La première et la plus critique étape que beaucoup tentent de sauter. Une ancienne ouverture est rarement un rectangle parfait ; il « mène » souvent et il y a des distorsions verticales. Si vous fermez les yeux sur ça etinstaller une porte intérieure en boisdans une ouverture tordue, tous les problèmes apparaîtront plus tard : fissures, difficultés de serrure, grincements constants. Il faut soit plâtrer sérieusement, soit utiliser des éléments supplémentaires, ce qui est aussi un art.
Ici se pose la question des lacunes. L'écart entre le cadre et le mur est trop petit, et la mousse de montage qui le fixe et le nivelle ne se dilatera pas comme elle le devrait et créera des tensions.

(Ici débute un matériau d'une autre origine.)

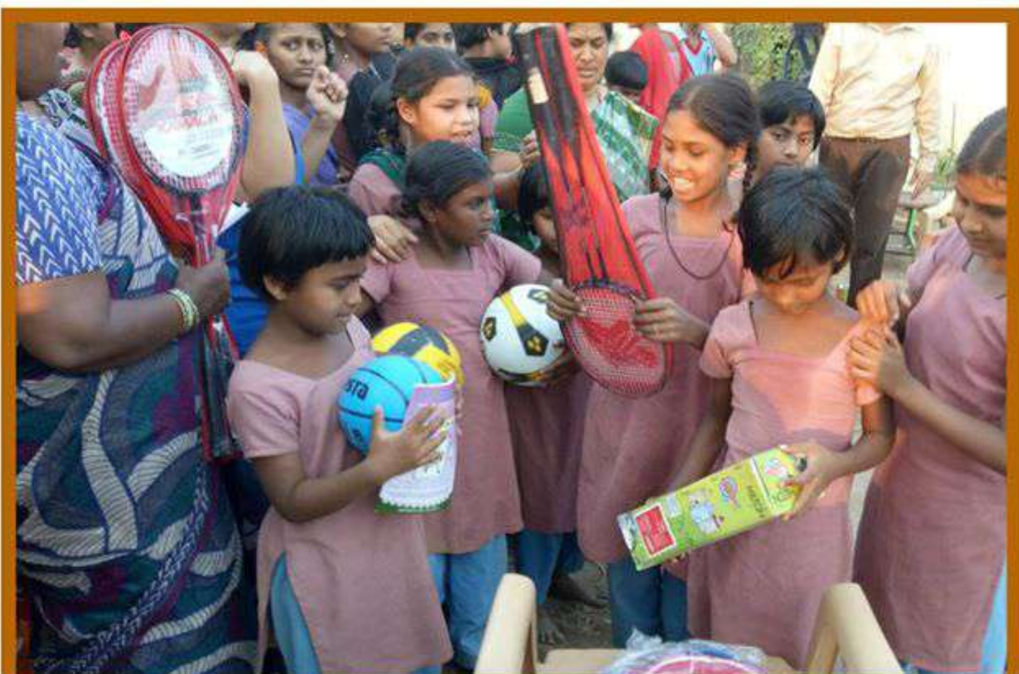
Juvenile Girls - mesmerized with the Sporting Gifts...

Trop grand et vous devrez gaspiller beaucoup de mousse et cela pourrait ne pas offrir de rigidité. Cela ne peut pas être déterminé à l’œil nu ; une expérience est requise. Par exemple, je préfère laisser 1,5 à 2 cm de chaque côté, mais c'est si le mur est plus ou moins plat. Il y a des surprises dans les bâtiments de Khrouchtchev.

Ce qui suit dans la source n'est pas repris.